Without pictures, return the lines from the one containing "English: Logo of" through the last line of the data below, exactly.
===== Supplied data
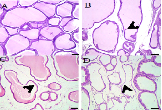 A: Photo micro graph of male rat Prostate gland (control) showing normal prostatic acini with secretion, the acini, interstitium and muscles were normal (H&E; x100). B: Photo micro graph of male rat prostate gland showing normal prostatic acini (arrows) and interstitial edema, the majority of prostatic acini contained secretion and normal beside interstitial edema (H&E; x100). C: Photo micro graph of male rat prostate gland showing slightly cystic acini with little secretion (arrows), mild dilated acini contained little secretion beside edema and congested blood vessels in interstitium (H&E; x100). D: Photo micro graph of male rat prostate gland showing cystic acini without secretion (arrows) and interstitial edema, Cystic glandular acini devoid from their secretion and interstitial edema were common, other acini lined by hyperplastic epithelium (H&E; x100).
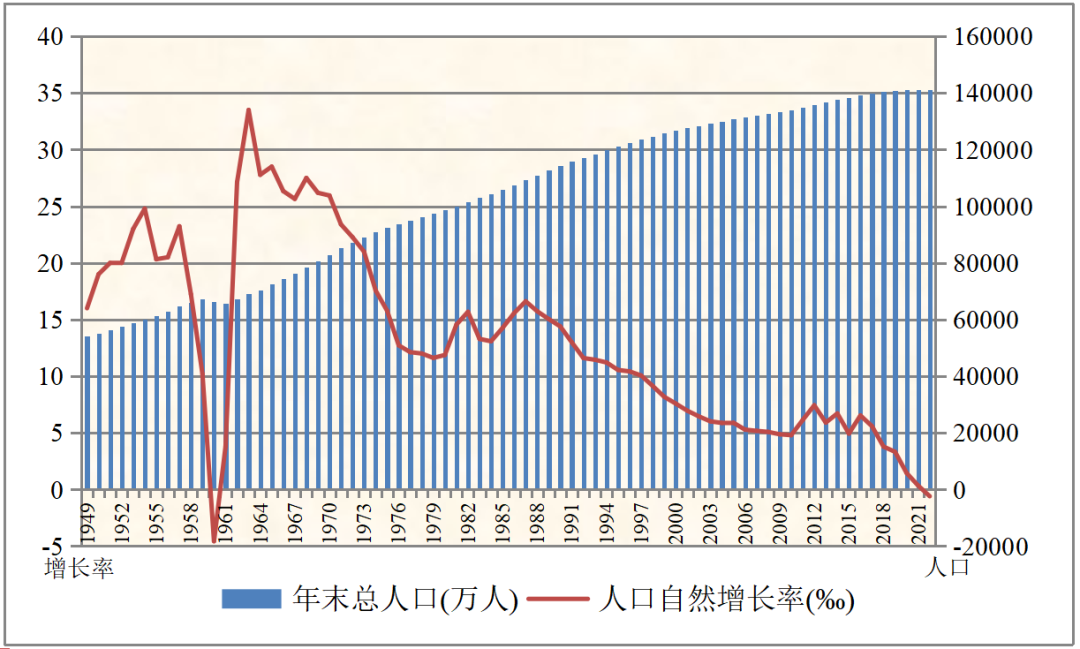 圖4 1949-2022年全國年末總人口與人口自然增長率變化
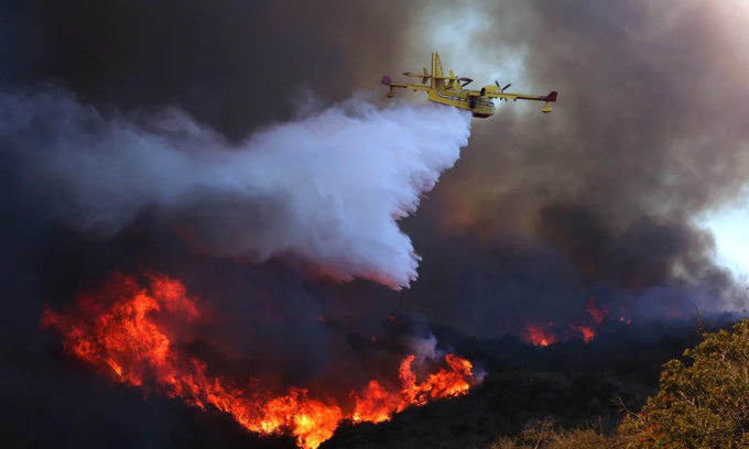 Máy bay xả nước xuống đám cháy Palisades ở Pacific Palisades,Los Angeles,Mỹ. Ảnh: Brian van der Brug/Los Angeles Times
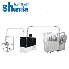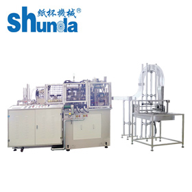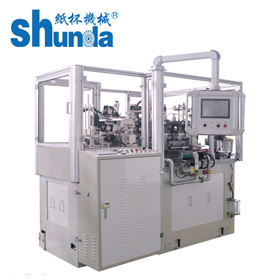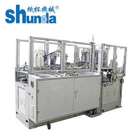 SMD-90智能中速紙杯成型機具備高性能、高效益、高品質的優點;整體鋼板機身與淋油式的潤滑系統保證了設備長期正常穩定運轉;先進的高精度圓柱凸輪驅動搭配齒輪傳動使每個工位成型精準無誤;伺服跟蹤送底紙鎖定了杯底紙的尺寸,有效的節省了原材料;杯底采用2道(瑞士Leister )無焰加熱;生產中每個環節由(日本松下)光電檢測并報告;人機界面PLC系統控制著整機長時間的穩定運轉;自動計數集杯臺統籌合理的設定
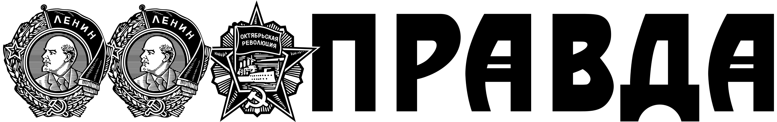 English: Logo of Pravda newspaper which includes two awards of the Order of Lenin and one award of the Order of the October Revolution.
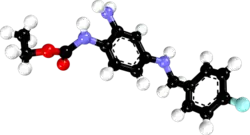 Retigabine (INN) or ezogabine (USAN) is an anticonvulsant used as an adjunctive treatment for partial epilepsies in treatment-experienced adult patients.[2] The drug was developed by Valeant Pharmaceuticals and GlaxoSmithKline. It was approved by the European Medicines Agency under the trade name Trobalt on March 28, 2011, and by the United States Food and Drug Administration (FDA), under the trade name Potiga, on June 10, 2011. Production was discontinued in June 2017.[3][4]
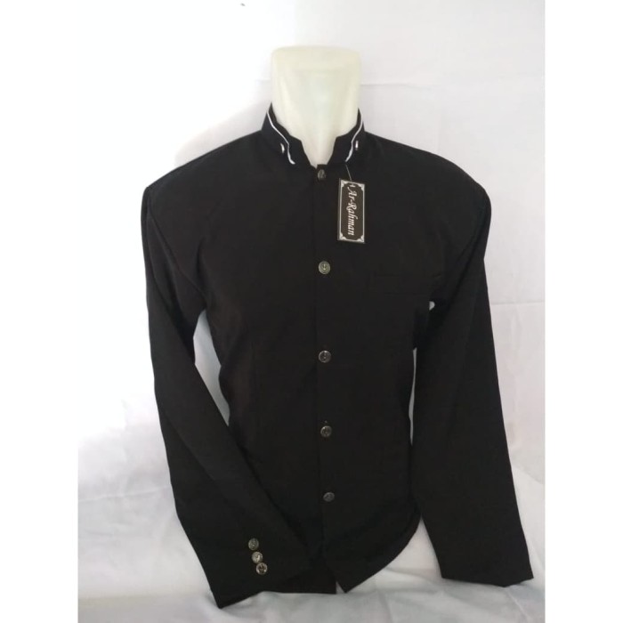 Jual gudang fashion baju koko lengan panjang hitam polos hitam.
==========
Response ▸
 English: Logo of Pravda newspaper which includes two awards of the Order of Lenin and one award of the Order of the October Revolution.
 Retigabine (INN) or ezogabine (USAN) is an anticonvulsant used as an adjunctive treatment for partial epilepsies in treatment-experienced adult patients.[2] The drug was developed by Valeant Pharmaceuticals and GlaxoSmithKline. It was approved by the European Medicines Agency under the trade name Trobalt on March 28, 2011, and by the United States Food and Drug Administration (FDA), under the trade name Potiga, on June 10, 2011. Production was discontinued in June 2017.[3][4]
 Jual gudang fashion baju koko lengan panjang hitam polos hitam.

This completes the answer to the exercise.